From their fine tutorial:
-
The core abstraction in Storm is the “stream”. A stream is an unbounded sequence of tuples. Storm provides the primitives for transforming a stream into a new stream in a distributed and reliable way. For example, you may transform a stream of tweets into a stream of trending topics.
-
A spout is a source of streams. For example, a spout may read tuples off of a Kestrel queue and emit them as a stream. Or a spout may connect to the Twitter API and emit a stream of tweets.
-
A bolt consumes any number of input streams, does some processing, and possibly emits new streams.

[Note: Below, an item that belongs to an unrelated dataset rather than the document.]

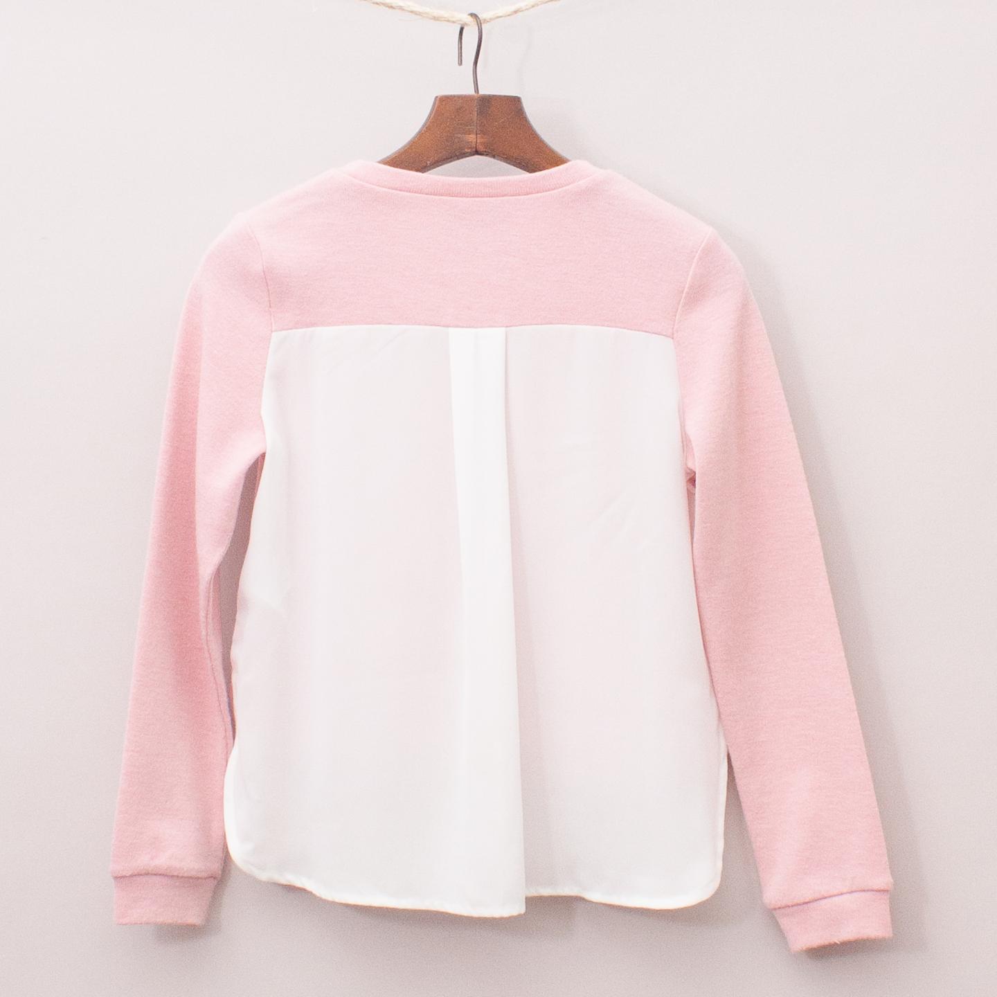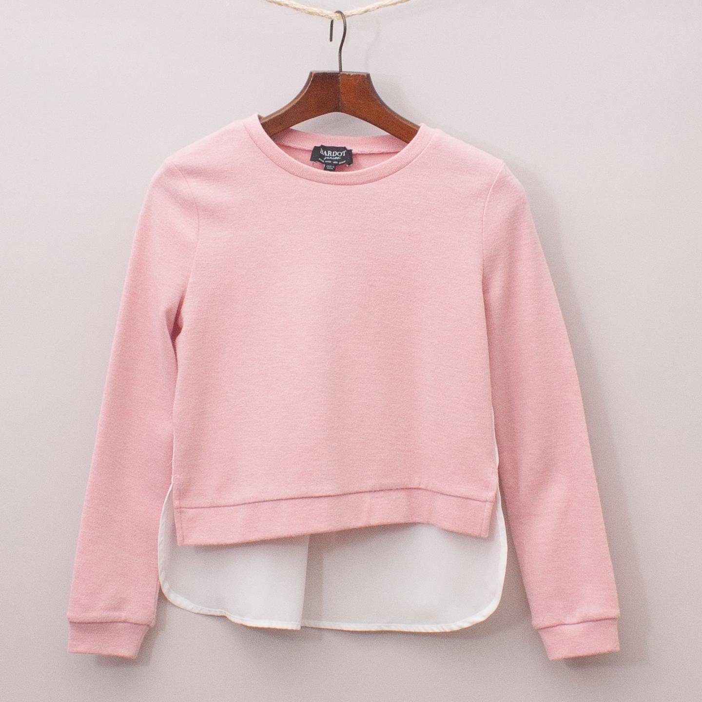 Bardot pastel pink jumper with white sheer back and high/low hemline *82% Polyester, 15% Viscose, 3% Elastane

Complex stream transformations, like computing a stream of trending topics from a stream of tweets, require multiple steps and thus multiple bolts. Bolts can do anything from run functions, filter tuples, do streaming aggregations, do streaming joins, talk to databases, and more.
-
Networks of spouts and bolts are packaged into a “topology” which is the top-level abstraction that you submit to Storm clusters for execution. A topology is a graph of stream transformations where each node is a spout or bolt. Edges in the graph indicate which bolts are subscribing to which streams. When a spout or bolt emits a tuple to a stream, it sends the tuple to every bolt that subscribed to that stream.
http://storm-project.net
It might be overkill, but looking at it might also inspire you to think of your problem differently even if you don’t use it.
2
If you can’t modify the 3rd party, then you have to do the load balancing on your side using a Message Queue.
One server will listen to incoming messages in XMPP, and put it inside a message queue. This message queue will have multiple workers, so it will be automatically load-balanced between the workers. Once the worker is done processing the message, it will post the result back to the server.
Using a non-blocking server like NodeJS, and a broker-less message queue like ZeroMQ would be the best, low-overhead and high-performance solution. You may want to read more on NodeJS (non-blocking IO and event-loops) and ZeroMQ (0MQ is a library, not a server, so you don’t need a separate server for it)